# Is my GPU dead?



## kalam_gohab (Jun 6, 2015)

Hello guys.

*A sequel to this thread.*

*www.digit.in/forum/cpu-motherboards/191854-changing-motherboards-bios-chip.html#post2231897

So I got my motherboard fixed. I took my GPU to get fixed in the local shop to find that there is no display when the monitor is connected to GPU via VGA cable. Everything works fine when it is connected to motherboard directly (integrated GPU).  Prior to the motherboard issue, I noticed some artifacts.

*Config:*
Asus m3n78-em 
Amd phenom x4 9650 
Sapphire 7850 HD
Dell s2240l
Corsair 600w psu 
2 2gb DDR2 RAM 
(no warranty) 

*NOTE : GPU FAN IS RUNNING FINE AND I THINK THE POWER SUPPLY IS GOOD*

So I want to know if my GPU is dead or not. And it doesnt have warranty 
So is there any way to fix it by sending it to AMD support via courier? (NO AMD SERVICE CENTRE IN MY AREA)

And also, how can I contact the AMD support via email ID and let them know about this?

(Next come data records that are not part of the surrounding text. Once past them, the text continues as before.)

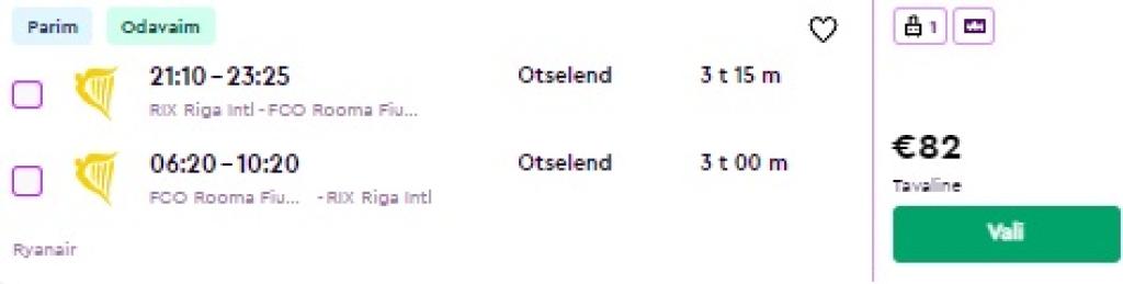 Odavlennufirma Ryanair pakub hetkel soodsa hinnaga lennupileteid Rooma. Edasi-tagasi lennupiletid otselendudele Tallinnast ja Riiast on saadaval alates 82€ eest. Piletiteni jõudmiseks kliki allpool olevatel näidiskuupäevadel või otsi endale sobivaid lennupileteid läbi Momondo.ee.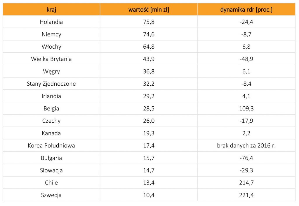 Tabela 1 – Główne kierunki eksportu piwa z Polski w 2017 r.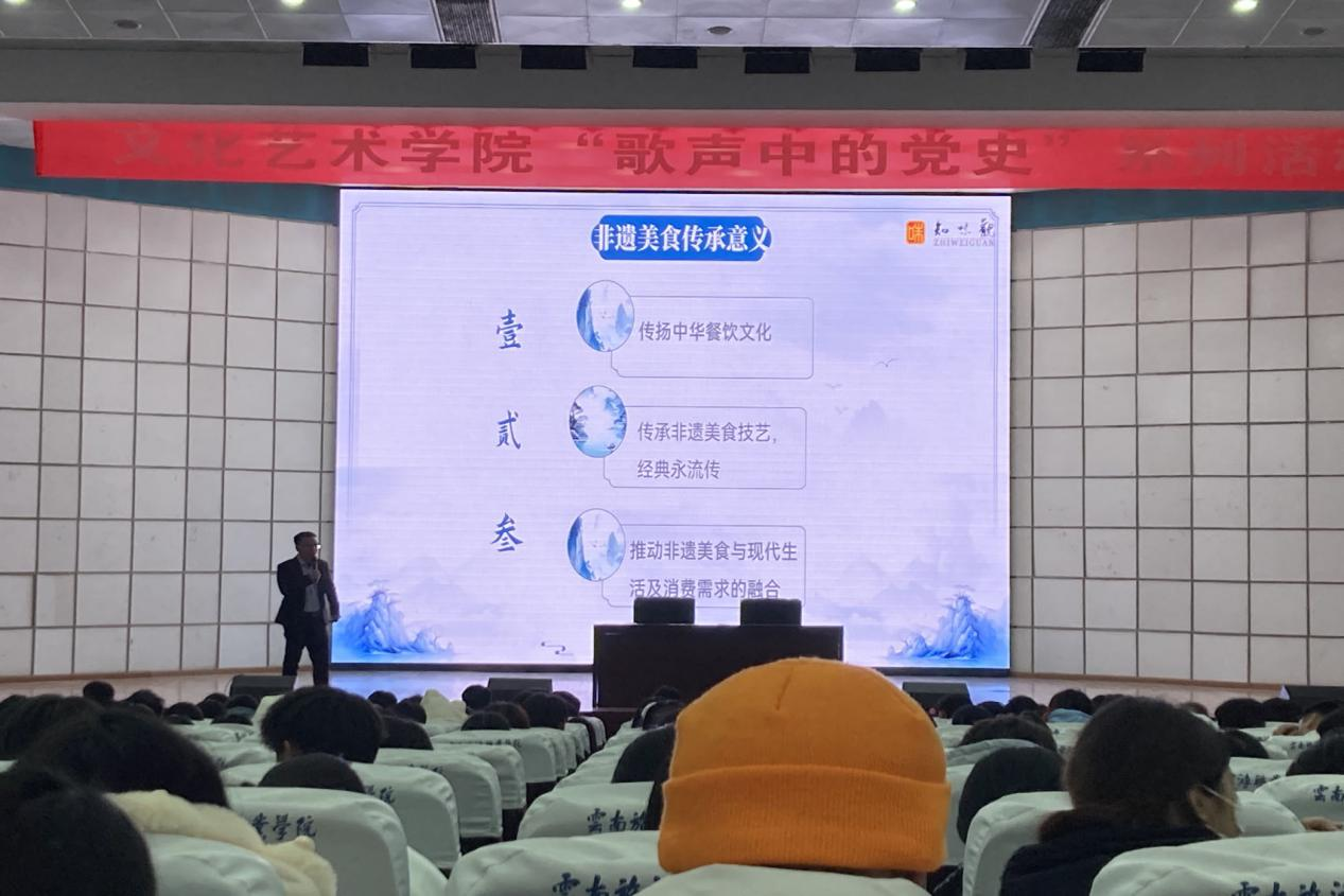 为发挥非物质文化遗产育人功能,增强青年学生文化自信,结合烹饪学院的学生发展需求,2024年1月4日晚,伟德特邀请了杭州知味观人事专员戴阳林在学院报告厅作关于“职业生涯规划——非遗美食进校园”的专题讲座,讲座由党支部副书记沈晓文主持,学院相关负责人、辅导员及2022级学生共同聆听了讲座。

Thank you and a reply is highly appreciated.


----------



## quicky008 (Jun 7, 2015)

check the gpu on another system,if it works then you can safely conclude that its ok otherwise you'll just have to get a new one.


----------



## kalam_gohab (Jun 8, 2015)

quicky008 said:


> check the gpu on another system,if it works then you can safely conclude that its ok otherwise you'll just have to get a new one.


Isn't there any other way to send it to service by courier?


----------